Task brief>
Copy only the lines from the one with "Square Straps Floral" through the end of the records, exactly as they stand. No pictures belong in the copy.

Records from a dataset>
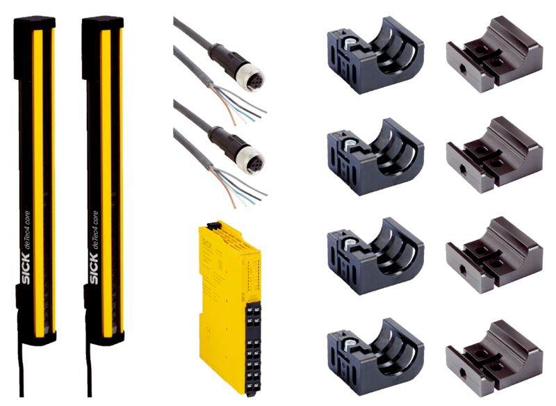 Optoelektroniczne kurtyny bezpieczeństwa, deTec, deTec4 Core Set 14/450, Wersja produktu: deTec4 Core, Część systemowa: Zestaw, Obszar zastosowania: Standardowe środowisko przemysłowe, Poziom bezpieczeństwa: PL e, SIL 3, Typ 4, Rozdzielczość: 14 mm, Zasięg: 10 m, Wysokość pola ochronnego: 450 mm, Typ przyłącza: Wtyczka M12, 5-pinowa, Stopień ochrony: IP65IP67, Zakres dostawy: NadajnikOdbiornik4 uchwyty FlexFix4 uchwyty QuickFix2 przewody podłączeniowe, 5 mPręt kontrolny o średnicy odpowiadającej rozdzielczości optoelektronicznej kurtyny bezpieczeństwaPrzekaźnik bezpieczeństwa RLY3-OSSD2Instrukcja bezpieczeństwaInstrukcja montażuInstrukcja eksploatacji do pobrania
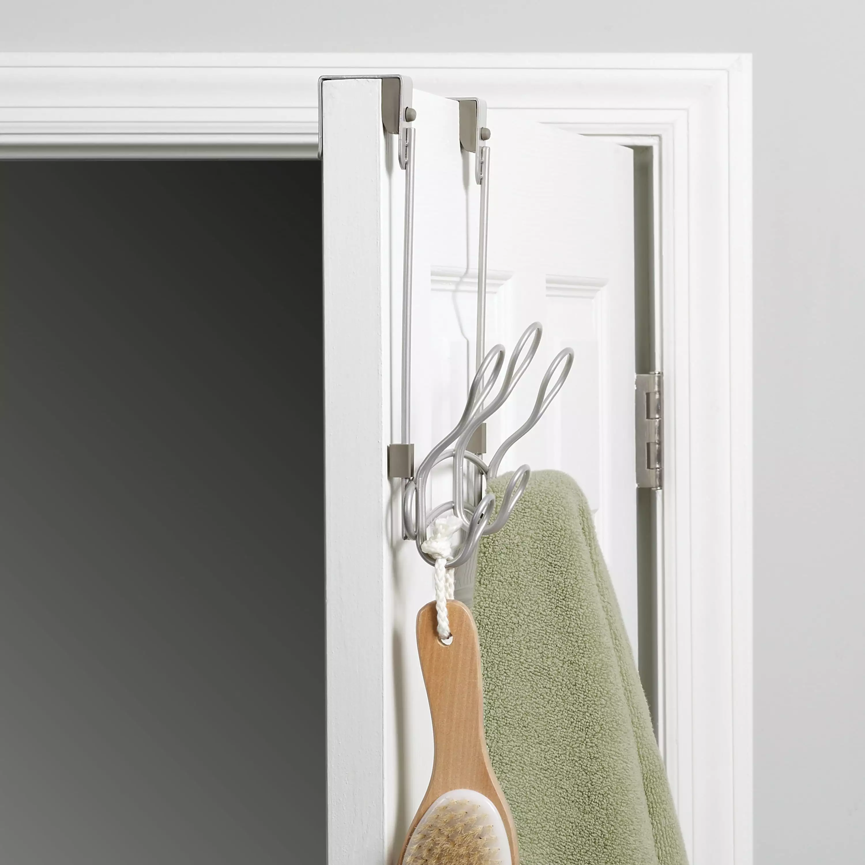 Create hanging storage for towels. robes and more with the Mainstays SnugFit 3-Hook Metal over-the-Door Towel Rack. With its patented SnugFit technology. this over-the-door organizer installs securely over any interior door with no tools needed. The rack includes scratch-resistant spacers and quiet-close bumper guards to protect your door from damage. It features three double hooks (six hooks total). Use it in your bathroom. a closet or anywhere extra hanging storage is needed. The semi-permanent rack has an attractive satin nickel finish and is easy to remove by any adult when needed.
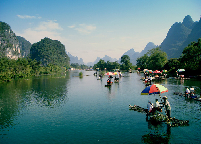 第二天早上7:30出门等车,随车导游也很好说话。8;00车子准时出发,9:20就到杨堤码头了,在漓江上,为了漂慢一点,我们每人给了竹筏师傅10元的讲解费,竹筏师傅也挺厚道,一路上都给我们讲解,到精华景点的时候还不忘停下来给我们拍照,11:00漂流到九马画山之后就下竹筏了,因为我们买的的是杨堤到九马的竹筏,然后凭竹筏门票免费坐电瓶车到兴坪古镇。漓江真是太美了,只能用图片形容了
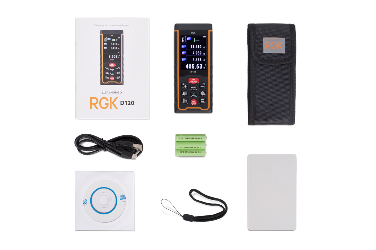 Лазерная рулетка RGK D120 предназначена для измерения расстояния в диапазоне от 0.3 до 120 метров в помещениях и на открытом пространстве. Она поддерживает следующие функции: вычисление площади и объема, расчет недосягаемых расстояний по теореме Пифагора, сложение и вычитание измерений, измерение заданного расстояния, измерение с задержкой, режим непрерывных измерений. Данная модель имеет возможность подключаться к ПК для анализа и передачи данных. При помощи встроенного цифрового уровня можно производить измерения в горизонт. Угол наклона - ±90°.
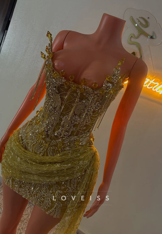 Square Straps Floral Embellished Sheath Party Homecoming Dress
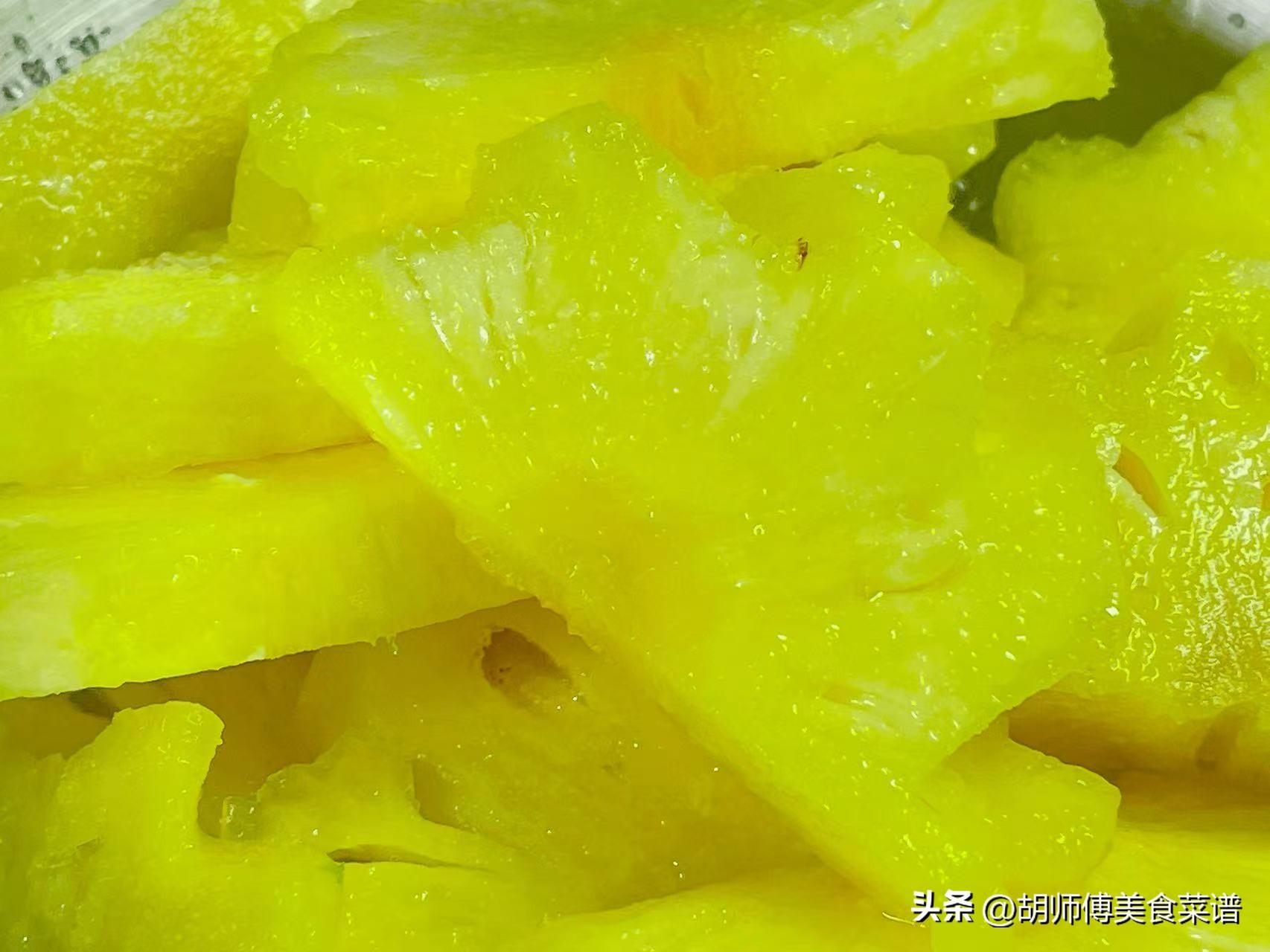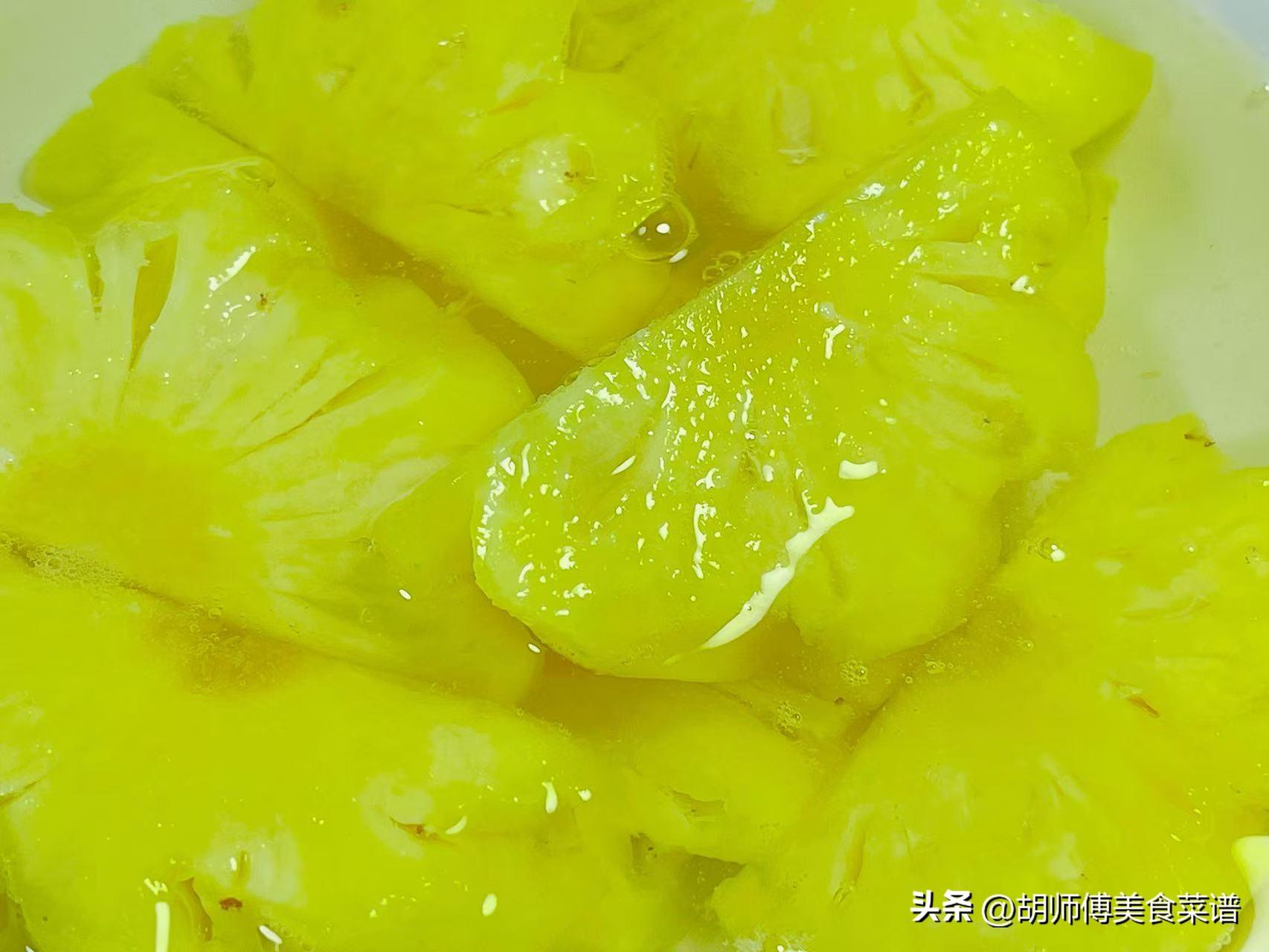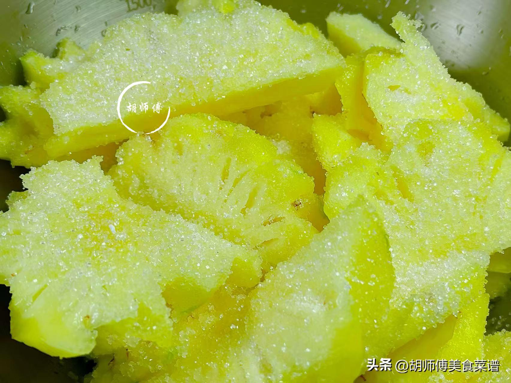第四步:大概將菠蘿醃製2-3小時左右,直到白砂糖全部融化,菠蘿有少許出水,就代表菠蘿醃製好了。
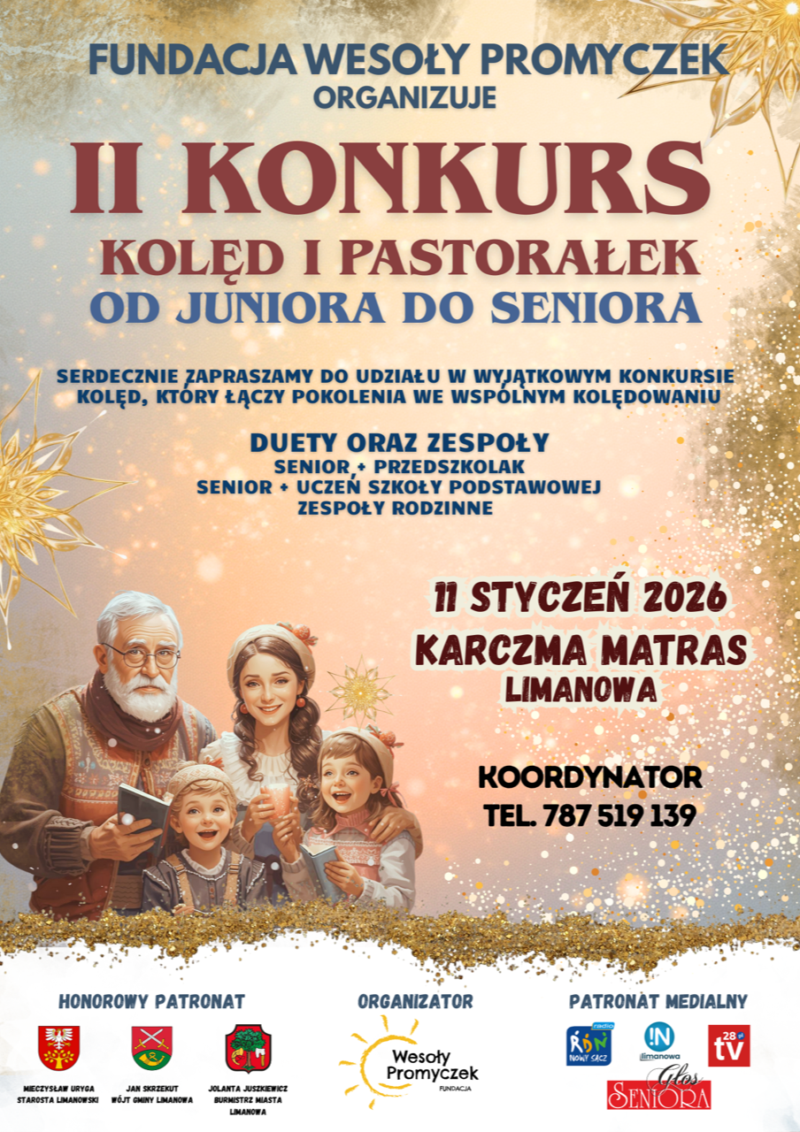 W imieniu Fundacji Wesoły Promyczek z Limanowej serdecznie zapraszamy na II Konkursu Kolęd i Pastorałek – od Juniora do Seniora.

Solution to this task>
 Square Straps Floral Embellished Sheath Party Homecoming Dress
第四步:大概將菠蘿醃製2-3小時左右,直到白砂糖全部融化,菠蘿有少許出水,就代表菠蘿醃製好了。
 W imieniu Fundacji Wesoły Promyczek z Limanowej serdecznie zapraszamy na II Konkursu Kolęd i Pastorałek – od Juniora do Seniora.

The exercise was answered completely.